Я нехотя прикоснулся слегка губами к его нежной щечке, но вдруг лицо его сморщилось, губы сложились в горькую гримасу. Ребенок заплакал. Вероятно, я уколол его своей бородой или усами… Ведь не мог же он, разумеется, понять смысла моего холодного, недоброжелательного взгляда на него; не мог же он – этот кусок мяса – знать, что я вовсе-вовсе не рад его появлению, что без него мне было гораздо удобнее с Леночкой наслаждаться жизнью. «Началось!» – подумал я, глядя на плачущего ребенка. А, однако, знаменательно… Мой поцелуй заставил сына в первый раз заплакать…

Мать в ту же минуту взяла дитя, и дитя мигом утешилось на ее груди. С какою любовью, с каким восторгом Леночка смотрела на него! Конечно, я не мог ревновать Леночку к этому куску мяса, – но все-таки теперь, при взгляде на мать и ребенка, мне пришли в голову кое-какие мысли, не совсем лестные для моего самолюбия… Если бы в наше время существовало некое сказочное чудовище, если бы это чудовище потребовало для себя человеческой жертвы и если бы Леночку спросили, кем она готова пожертвовать – сыном или мной? то я вовсе не уверен, что не очутился бы в ужасной пасти этого чудовища…

– Не правда ли, Алеша, ведь он походит на тебя? – спросила Лена, с радостной, светлой улыбкой смотря на дитя, прильнувшее к ее груди.

Леночка смотрела на него так, как будто увидала в банковской таблице, что на наш билет выпал выигрыш по крайней мере тысяч в сорок. Я не разделял ее телячьих восторгов и находил, что предмет ее восторгов ровно ни на что не похож.

– Напротив, мне кажется, он скорее похож на тебя! – заметил я лишь для того, чтобы сказать что-нибудь. – У него глаза совершенно твои!

– Глаза… да! это правда… – любовно смотря на ребенка, промолвила Лена. – Но лицо твое, и волосики темные, и вьются – так же, как у тебя.

– Я слыхал, цвет волос у ребят меняется!..
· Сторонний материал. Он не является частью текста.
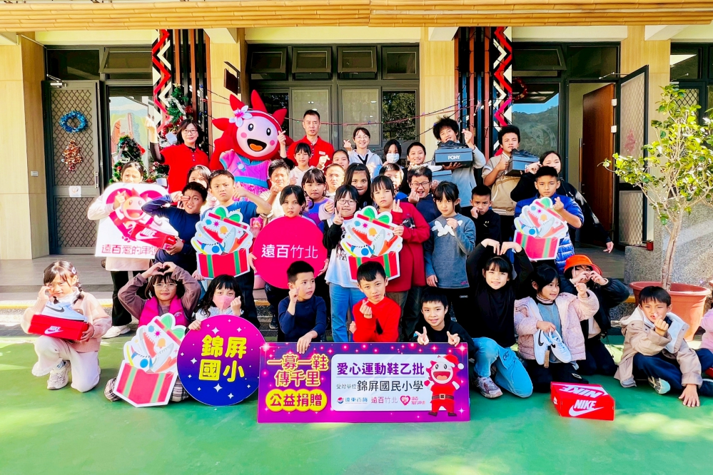 隨著2025年邁入尾聲,竹北遠百延續聖誕佳節的溫暖,趕在新年到來前,將「一募一鞋傳千里」公益活動所募集的新鞋親送到學生手中,陪伴孩子們穿上新鞋、帶著祝福迎向嶄新的2026年。
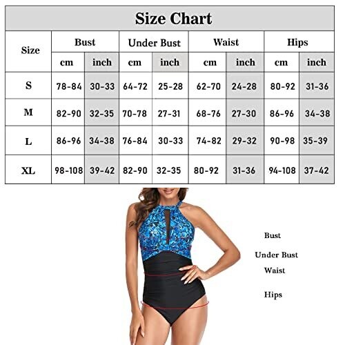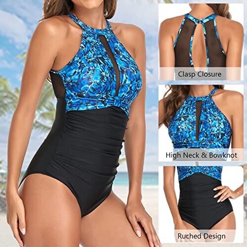 Sedex Women's High Neck Tummy Control One Piece Swimsuit with Cup Halterneck, Blue, M

– Алеша! Мы назовем его Александром!

– Как хочешь, милая! – поддакнул я.

И действительно, мне было решительно все равно, как ни назвать этот кричащий кусок мяса: Александром, Иваном или иначе…

Прошло две недели. За это время наш Саша (уже окрещенный) заболевал раза два или три. Приходилось звать доктора, да еще не одного, потому что первый доктор – серьезный молодой человек, – по мнению Лены, отнесся к Саше весьма невнимательно, – потрогал у него только животик да «пощелкал пальцем по спине» (ее собственные слова). Зато другой доктор, старичок, нам очень понравился. Он, собственно говоря, был ничуть не внимательнее первого, но опытнее и гораздо лукавее. Он похвалил ребенка.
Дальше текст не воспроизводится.